Ever since the last module though I've been neck deep in packing and unpacking.

To go to SSU meant digging in to the baggage I already carried.  Fears, expectation, hopes, more fears, prejudices and fears, some rolling around in dark places I didn't want to open.  Then reading a pile of books: some that comforted, some that irritated and some that have left a permanent mark.  Conversations in and out of class that continued the emptying process while day long lectures crammed in more than I could process.

You know that crazy announcement at the airport about not leaving bags unattended and not accepting bags from someone else?  It applies to educating Brian as well.

One afternoon session I had taken note after note and just as I was getting my head around one idea the Prof tossed out another and another and another.  It was all I could do to get them in the suitcase like a barrage of socks and underwear, "I know I'm going to need this later...".  And then, arriving home, I've been surprised over the last several weeks as I've unpacked those bags to discover stuff I didn't know I'd packed.

Good stuff.

Solid stuff.

Stuff pilgrimages are made of.

I'm still unpacking though and I'm supposed to be in serious re-packing mode now.

I've got 10 books and 10 papers due in a couple weeks.  Each book so far, and I've barely scratched the surface, has caused me to start sorting out my baggage yet again.

Hemingway once wrote, "If you are lucky enough to have lived in Paris as a young man, then wherever you go for the rest of your life, it stays with you, for Paris is a moveable feast."  Yeah, it's mixing metaphors but a single module at SSU has become a moveable feast for me.  It's an experience of unlearning, unpacking, grasping some things and letting go of others.  I'm not so young but it's a meal I'm glad to finally be getting down to.

So tonight I sit here blogging, sitting on my metaphorical suitcase and hoping to get the zipper closed on this one before I move on to the next.  I don't think it can be done.  Partly that's my fault because I keep pulling out souvenirs and mementos from this first module to share with people I love.  As soon as I get something out I notice something knew about it and off I go again digging through the rest of the suitcase.

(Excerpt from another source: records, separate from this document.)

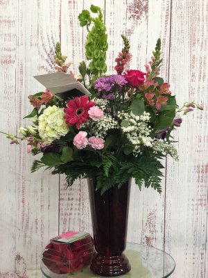 Pretty arrangement, but.... I don't see how this is a Valentines arrangement. Feels more like a birthday or mothers day thing.. Not a single rose, lily or tulip that I can see. Maybe they're on the back side. I assumed florist choice would be going with the obvious theme. That's on me I guess.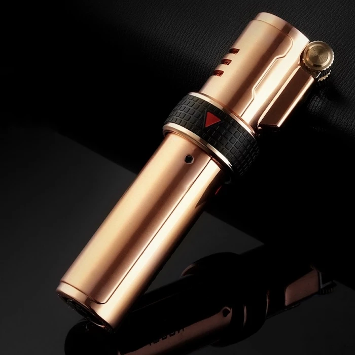 This new Jabon lighter is a sleek and reliable triple-flame jet lighter. Crafted from durable Zinc Alloy, this 88 x 18mm lighter, weighing 78g, boasts a gold hue for added elegance. Using flint for ignition, it features a windproof jet torch and is refillable with butane. It comes in a stylish gift box with two extra flints, enhancing its convenience and functionality.
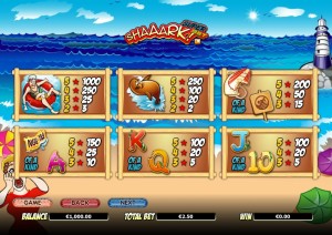 There are two possible background pictures you can get in this slot. One is in base game mode, where you see the beach, the ocean and a lighthouse. The other is in SuperBet mode, where you’re looking at the bottom of the ocean, with plants below and fish swimming around the reels. On the reels, the images don’t change, being the same mix of shark bitten poker cards and images of danger signs, bitten surfboards, seals and so on.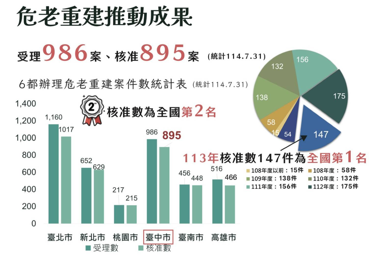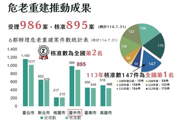 都發局指出,在盧市長支持和帶領下,台中市危老重建推動成果卓越,統計至今年7月31日受理986案,核准共計895案,核准件數已達全國第2名,113年度當年度核准147案,為全國第1名,致力於推動老舊建築物加速更新。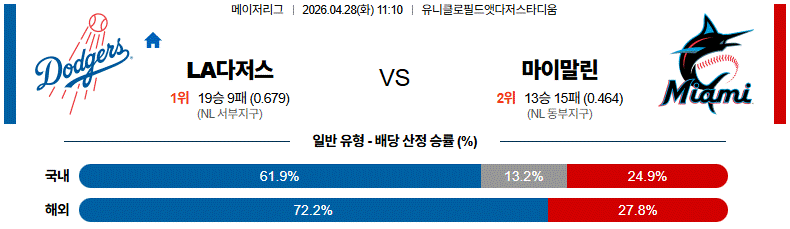 4월 28일 LA 다저스 vs 마이애미 MLB야구분석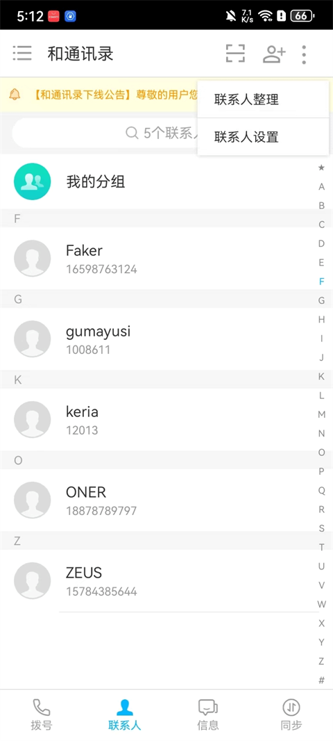 2、联系人:添加/导入联系人、联系人整理/设置。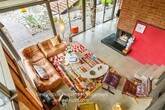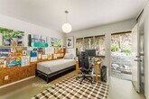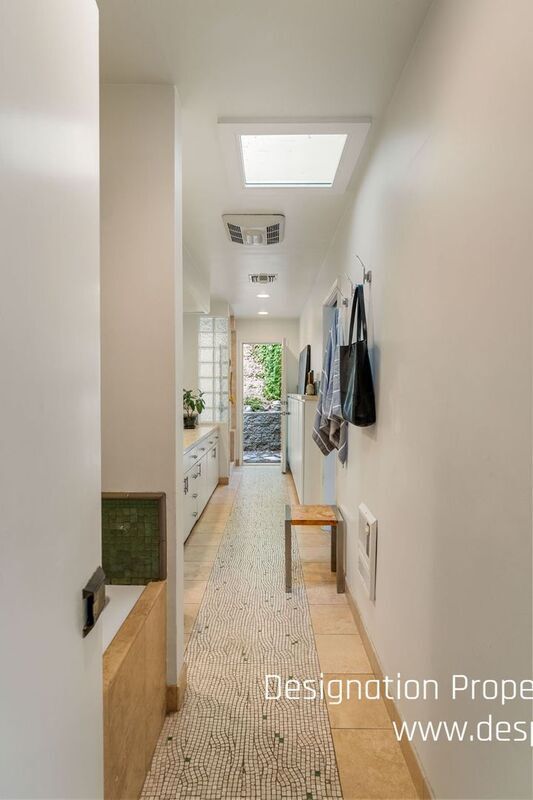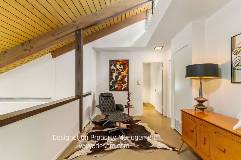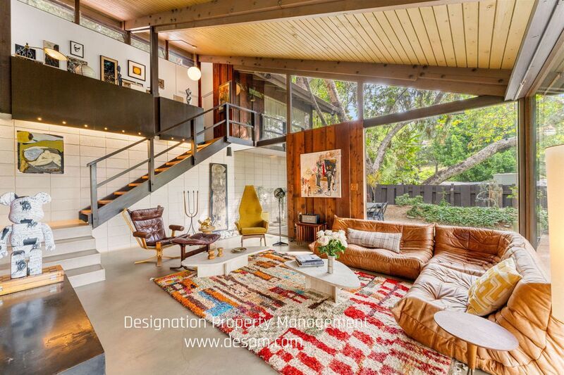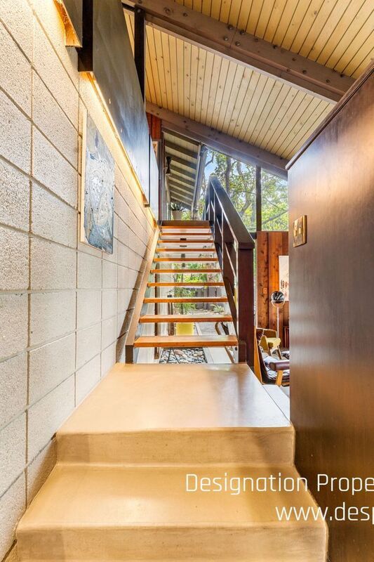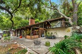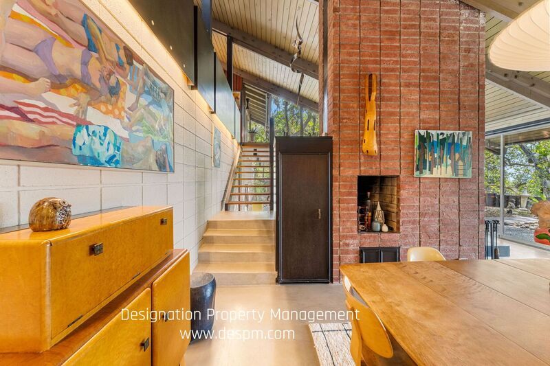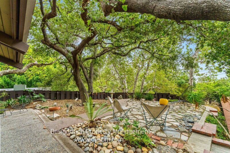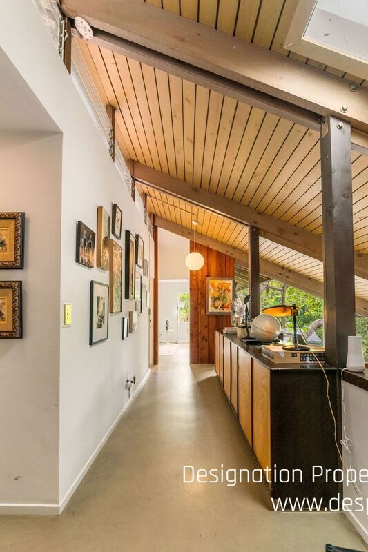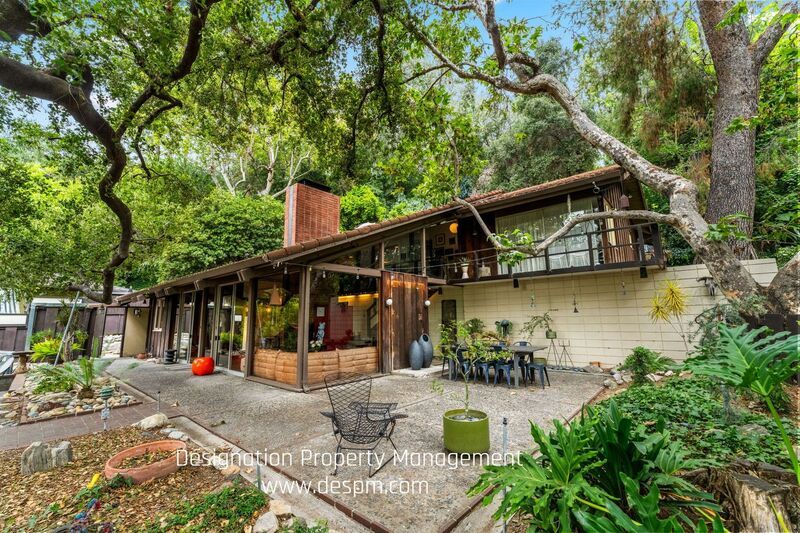 This two-story, A-Frame mid-century style home offers a secluded and intimate environment among Sycamore & Oak trees. Designed by Edward Ted Grenzbach, known as the Architect to the Stars, who created homes for Hollywood notables Frank Sinatra, Rock Hudson and Johnny Carson. His design of wall-to-wall glass sliding doors along the front of the home enable you to see the interior before you walk in the door and provides a seamless feeling between the interior and exterior. The lower level's open floor plan includes the living & dining areas with 17 ft high ceilings, wood beams and a brick floating fireplace. A remodeled kitchen and half bath complete this floor. Upstairs is a spacious loft with the 3 bedrooms & 2 full baths off this corridor. An en-suite principal bedroom has a huge walk-in closet, private office room and lovely balcony with sliding glass doors to enjoy the tree-top views. Jack & Jill bedrooms share an updated bathroom with dual sinks. All three bedrooms have exterior doors to the backyard patio. Study room with closet has fourth bedroom possibility. Private patios on front yard extend your living space and are perfect for entertaining or dining al fresco. Detached garage. Easy access to 210 freeway, Rose Bowl and golf courses. Nearby dining and shopping in Old Town Pasadena and La Canada. DRE 02036099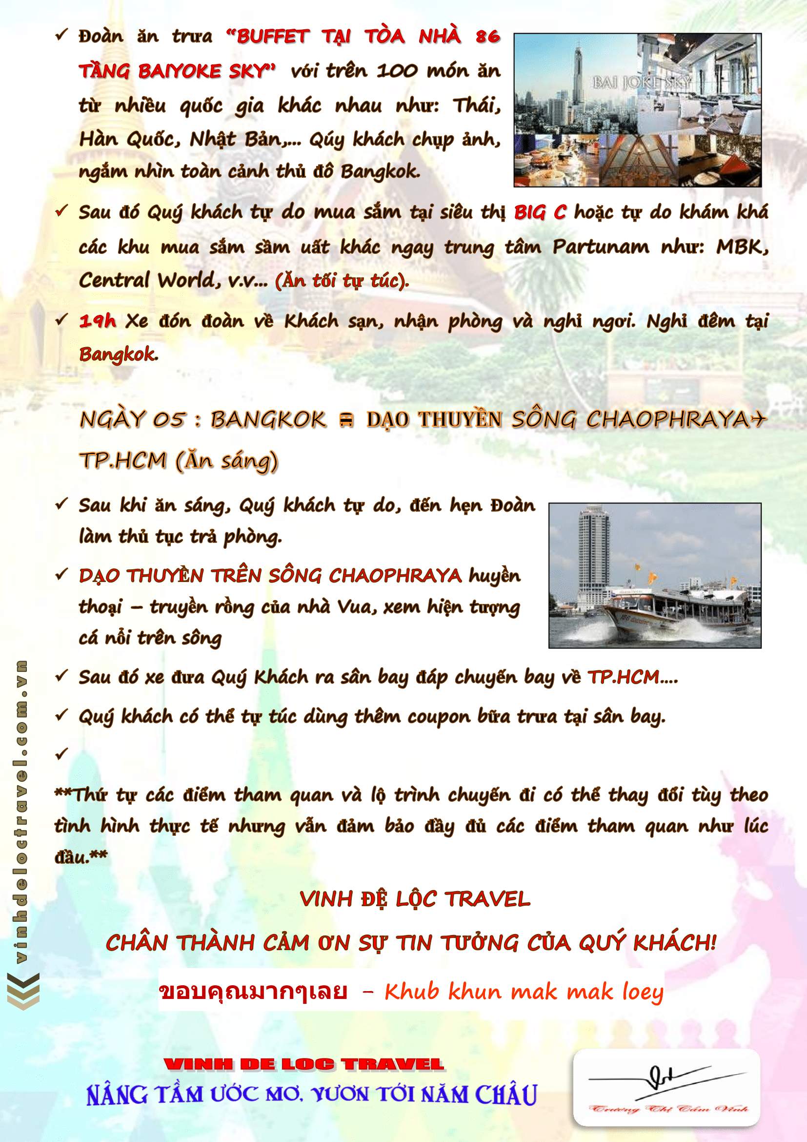 THÁI LAN 5N4Đ NHIỀU ƯU ĐÃI khởi hành T10/2019

Packing and unpacking is work and I usually end up forgetting something important but today I'm grateful that my bags aren't empty and this journey, this pilgrimage, just keeps getting more exciting.

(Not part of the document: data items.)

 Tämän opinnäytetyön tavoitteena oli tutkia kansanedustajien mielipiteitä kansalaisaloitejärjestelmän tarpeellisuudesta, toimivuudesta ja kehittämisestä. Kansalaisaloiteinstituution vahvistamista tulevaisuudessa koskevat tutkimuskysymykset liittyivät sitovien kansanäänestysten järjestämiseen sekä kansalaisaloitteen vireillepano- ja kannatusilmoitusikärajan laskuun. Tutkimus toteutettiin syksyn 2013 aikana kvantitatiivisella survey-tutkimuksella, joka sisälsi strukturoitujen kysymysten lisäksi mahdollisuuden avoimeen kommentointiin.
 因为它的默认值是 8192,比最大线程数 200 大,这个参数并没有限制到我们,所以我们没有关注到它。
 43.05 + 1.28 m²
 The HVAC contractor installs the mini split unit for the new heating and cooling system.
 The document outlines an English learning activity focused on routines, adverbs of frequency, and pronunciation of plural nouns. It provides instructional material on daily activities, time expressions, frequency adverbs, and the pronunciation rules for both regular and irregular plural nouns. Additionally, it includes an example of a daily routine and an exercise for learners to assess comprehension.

I've got a lot to learn but today I know I'm getting there.

Hey, if you think it's worth your while, please say a pray for Educating Brian.  Peace.

Friday, November 11, 2011

30 Years Late(r)


Homework.  I left that behind once and then I had kids.  Once they were old enough that I couldn’t help them with their homework because I didn’t have a clue, I was done with homework again.  So why would I willingly put myself back into a situation where I’m doing homework, my own this time, again?

My original plan was to go from undergrad to grad right away.  Then life intervened.  I talked with a prof in those days who told me that as long as I was open to learning I’d always be a student.  I think he was right but that insight became all the excuse I needed to let the study I was interested in give way to the job I needed.

And then years went by and then decades and it became much harder to convince myself that going back was even an option.

Just over a year ago I came to a “dark night of the soul” that lasted a whole season.  In the midst of that process there came some clarity.  I was searching for answers about my future and I was coming up empty.  Piece by piece I was getting disassembled, it felt like God was taking my world apart.  In the midst of great uncertainty came this one clear step: go back to school.

I like to think that my undergraduate studies have taken me 30 years to complete.  I know there’s a depth in my reading that didn’t exist 3 decades ago.  Life has given me some perspective that I seriously lacked when I was 20.  Suffering, disappointment, relationships, unexpected satisfaction, grace and hurt have all marked this road I travel on.  For me, now is the time and though it’s 30 years late(r), I’m ready for it again for the first time.  Besides, how long is too long to wait for a dream to come true?


Thanks to all my friends who are helping me on this journey!